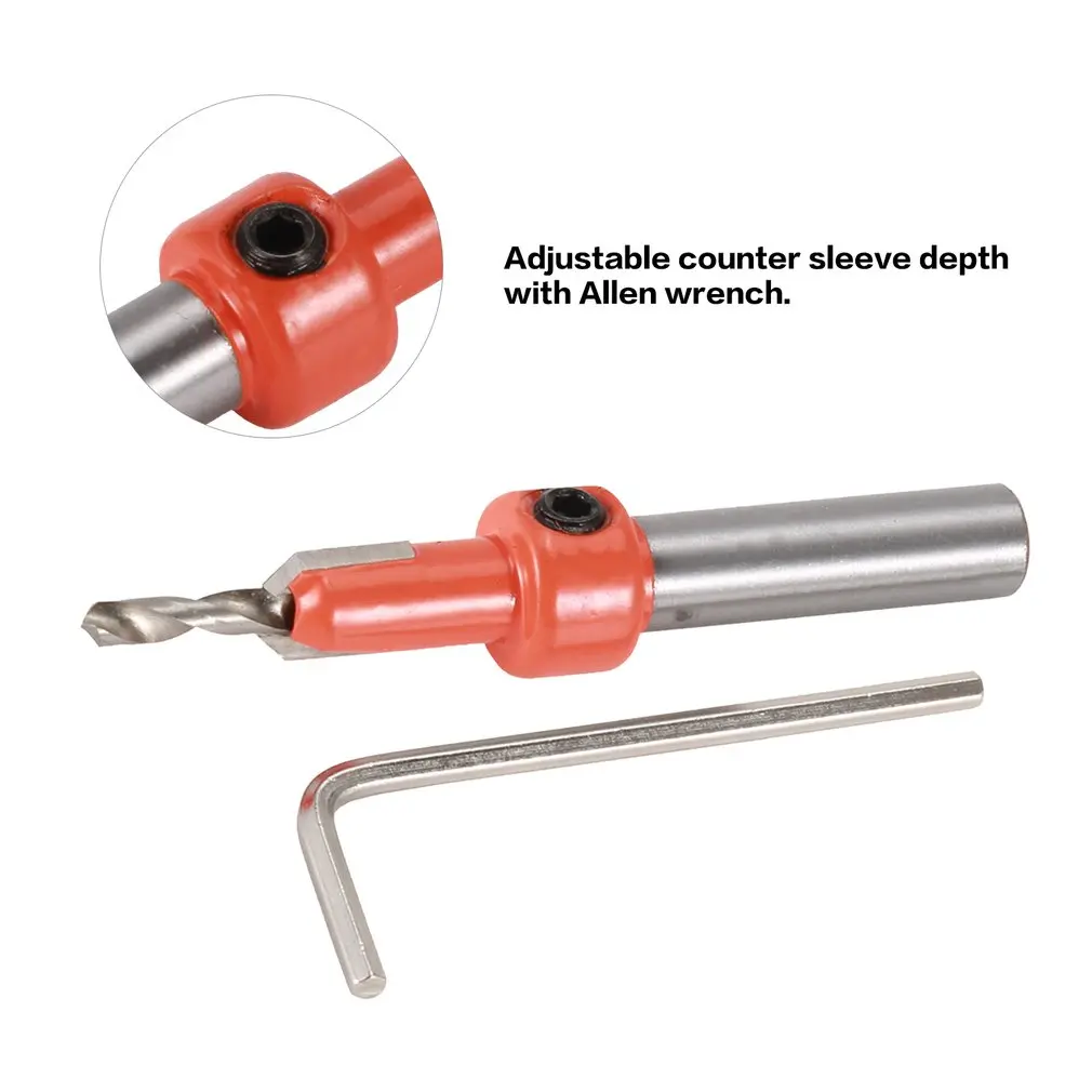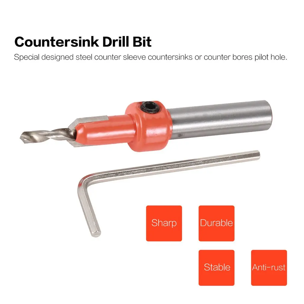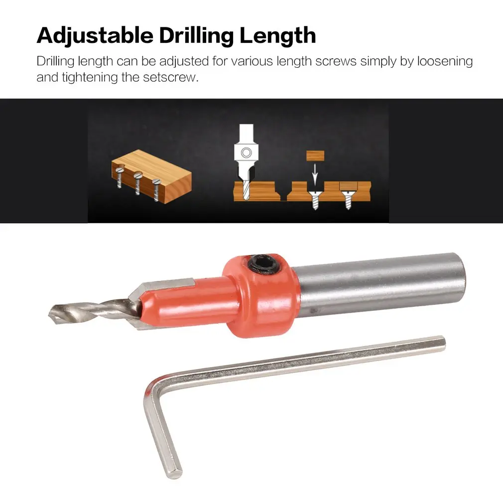 Особенности:1. Специальная конструкция стальных столешниц или столешниц пилотного отверстия.2. Регулируемая глубина рукава с шестигранным гаечным ключом3. Стандартный шестигранный хвостовик, быстро меняется и совместим.4. Сверло и столешница для деревянных винтов без изменения бит.5. Длина сверления может быть отрегулирована для различных винтов длины просто путем ослабления и затягивания установочного винта.
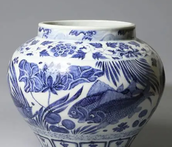 元代青花鱼藻纹罐
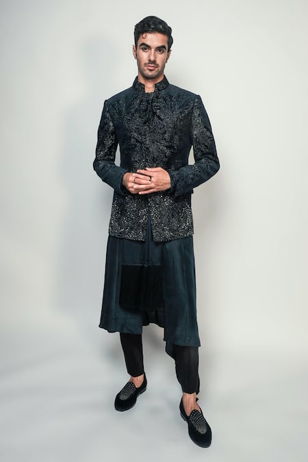 Imperial teal bandhgala featuring full metallic embroidery highlighted with crystals at the bottom
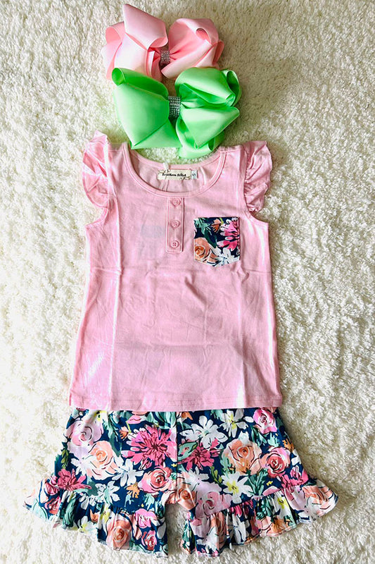SaleSummer pink top floral shorts girls clothing set X0666-31
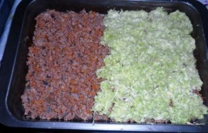 - Выложить половину кабачковой массы, затем весь фарш и вторую половину кабачков.
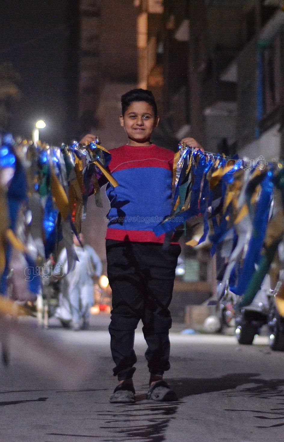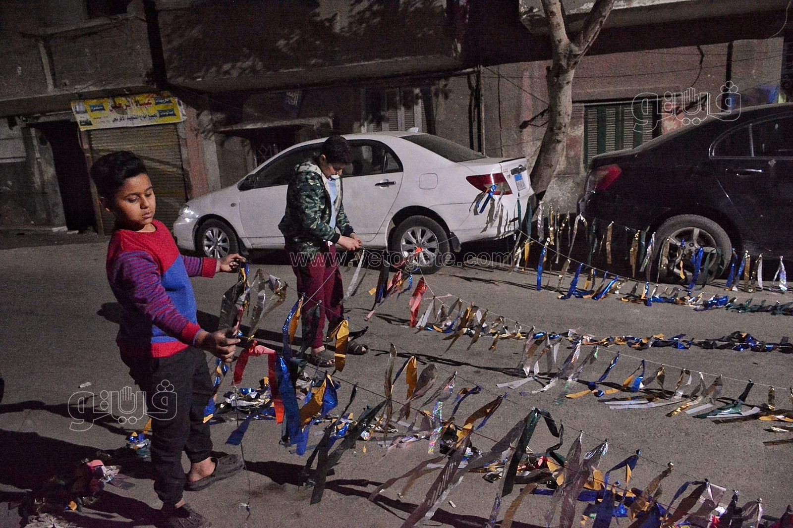 وفي إحدى الحارات الصغيرة تولى الطفلان عمر وياسين، مهمة تجميع أموال الزينة من السكان استعدادا لشرائها وتعليقها في الشوارع.
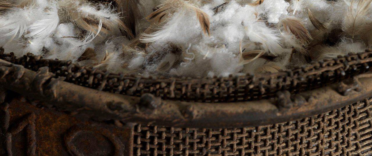 ״מריטה״ מורכבת מסל מתכת שנועד במקור לחישול חלקי מתכת בטמפרטורות גבוהות, ובתוכו נוצות המשמשות למילוי שמיכות פוך. החיבור בין החומרים מגלם תכונות של קשיחות ונוקשות לצד מגע רך ומגונן. הספרה ״18״ מופיעה בתבליט על הסל, אולם לא הייתי מודעת לפרט זה כאשר בחרתי את הסל במגרש למיחזור מתכות. רק בהגיעו לסטודיו ראיתי את הספרות אשר קשרו אותי, באסוציאציה מידית – לגיל הגיוס. מרגע זה הפך החפץ לנשא של עיסוק בנושא כה מרכזי בחיינו בארץ – הצבא והשפעתו על אופי החברה, מלחמה וכאביה. דרך נוצות הפוך המפוזרות אני מגיבה למצבם של הורים, אנחנו, הנאלצים לתת את ילדינו ללא נודע המאיים. זהו ניסיון פרום, בלתי אפשרי, לשמור, להגן, אל מול הכאב וסכנת המוות שמרחפים מעל.
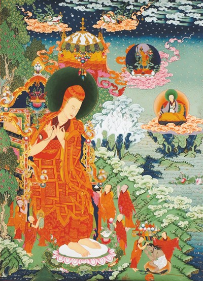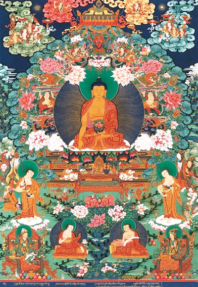 1300多年前的松赞干布时代,佛教自印度传入西藏,并与西藏本土宗教苯教融合在一起,逐渐发展成为现代的藏传佛教。唐卡正是阐释藏传佛教教义内涵的艺术表现,是藏族人辅助宗教修持的圣物。美术理论家王镛认为:“唐卡是来自东方的艺术瑰宝,它综合了西藏、印度、汉地的元素,可以说是藏传佛教的图像化表现。”
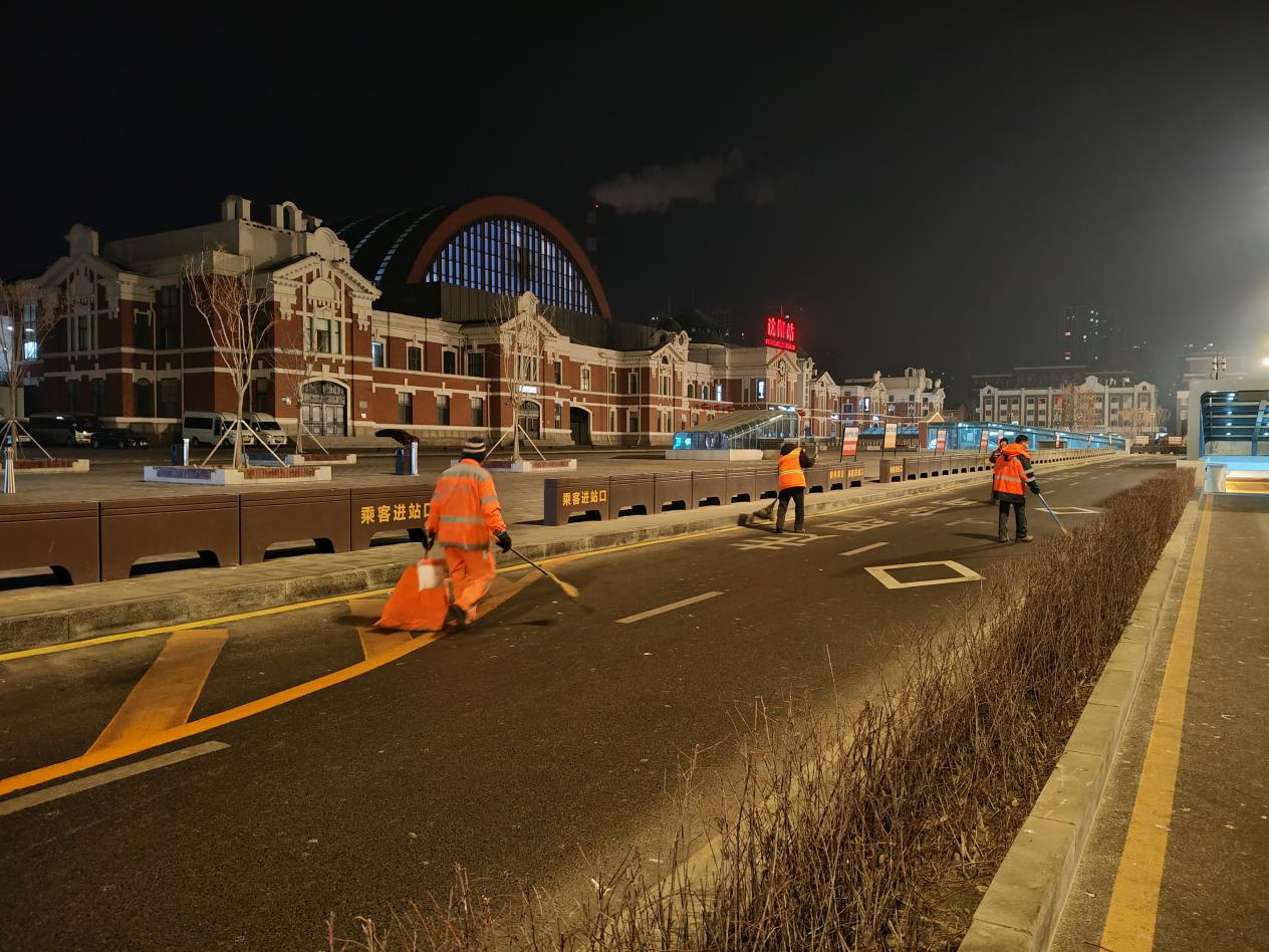 在清扫间隙,记者跟白师傅聊起了日常。“我们最怕遇上雪天,雪停就是命令,一到下雪,凌晨三四点就得提前上岗,再冷再累也要把路清理出来。”白师傅说,在沈阳站东广场工作,除了打扫卫生,他们也常帮旅客做点小事,比如捡到身份证交给民警,当旅客问路时提供耐心指引,“要让外地人都能感受到沈阳人的热情与真诚。”
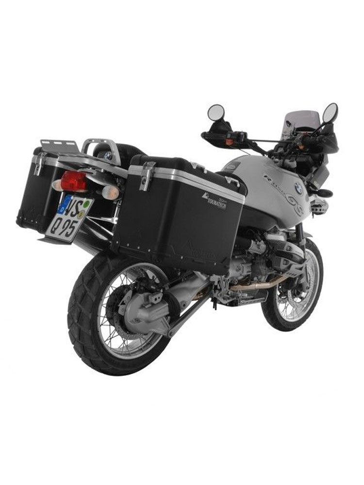 Zestaw: kufry boczne z anodowanego aluminium czarne Zega Pro + stelaże srebrne Touratech BMW R1150GS/R1150GS Adventure/R1100GS/R850GS (38+45L)

(PROBLEM DESCRIPTION): The lines from the one containing "המוות שמרחפים מעל." to the last line of the records, both included: print exactly those and nothing else, leaving out any pictures.

(FINISHED EXERCISE):
 ״מריטה״ מורכבת מסל מתכת שנועד במקור לחישול חלקי מתכת בטמפרטורות גבוהות, ובתוכו נוצות המשמשות למילוי שמיכות פוך. החיבור בין החומרים מגלם תכונות של קשיחות ונוקשות לצד מגע רך ומגונן. הספרה ״18״ מופיעה בתבליט על הסל, אולם לא הייתי מודעת לפרט זה כאשר בחרתי את הסל במגרש למיחזור מתכות. רק בהגיעו לסטודיו ראיתי את הספרות אשר קשרו אותי, באסוציאציה מידית – לגיל הגיוס. מרגע זה הפך החפץ לנשא של עיסוק בנושא כה מרכזי בחיינו בארץ – הצבא והשפעתו על אופי החברה, מלחמה וכאביה. דרך נוצות הפוך המפוזרות אני מגיבה למצבם של הורים, אנחנו, הנאלצים לתת את ילדינו ללא נודע המאיים. זהו ניסיון פרום, בלתי אפשרי, לשמור, להגן, אל מול הכאב וסכנת המוות שמרחפים מעל.
 1300多年前的松赞干布时代,佛教自印度传入西藏,并与西藏本土宗教苯教融合在一起,逐渐发展成为现代的藏传佛教。唐卡正是阐释藏传佛教教义内涵的艺术表现,是藏族人辅助宗教修持的圣物。美术理论家王镛认为:“唐卡是来自东方的艺术瑰宝,它综合了西藏、印度、汉地的元素,可以说是藏传佛教的图像化表现。”
 在清扫间隙,记者跟白师傅聊起了日常。“我们最怕遇上雪天,雪停就是命令,一到下雪,凌晨三四点就得提前上岗,再冷再累也要把路清理出来。”白师傅说,在沈阳站东广场工作,除了打扫卫生,他们也常帮旅客做点小事,比如捡到身份证交给民警,当旅客问路时提供耐心指引,“要让外地人都能感受到沈阳人的热情与真诚。”
 Zestaw: kufry boczne z anodowanego aluminium czarne Zega Pro + stelaże srebrne Touratech BMW R1150GS/R1150GS Adventure/R1100GS/R850GS (38+45L)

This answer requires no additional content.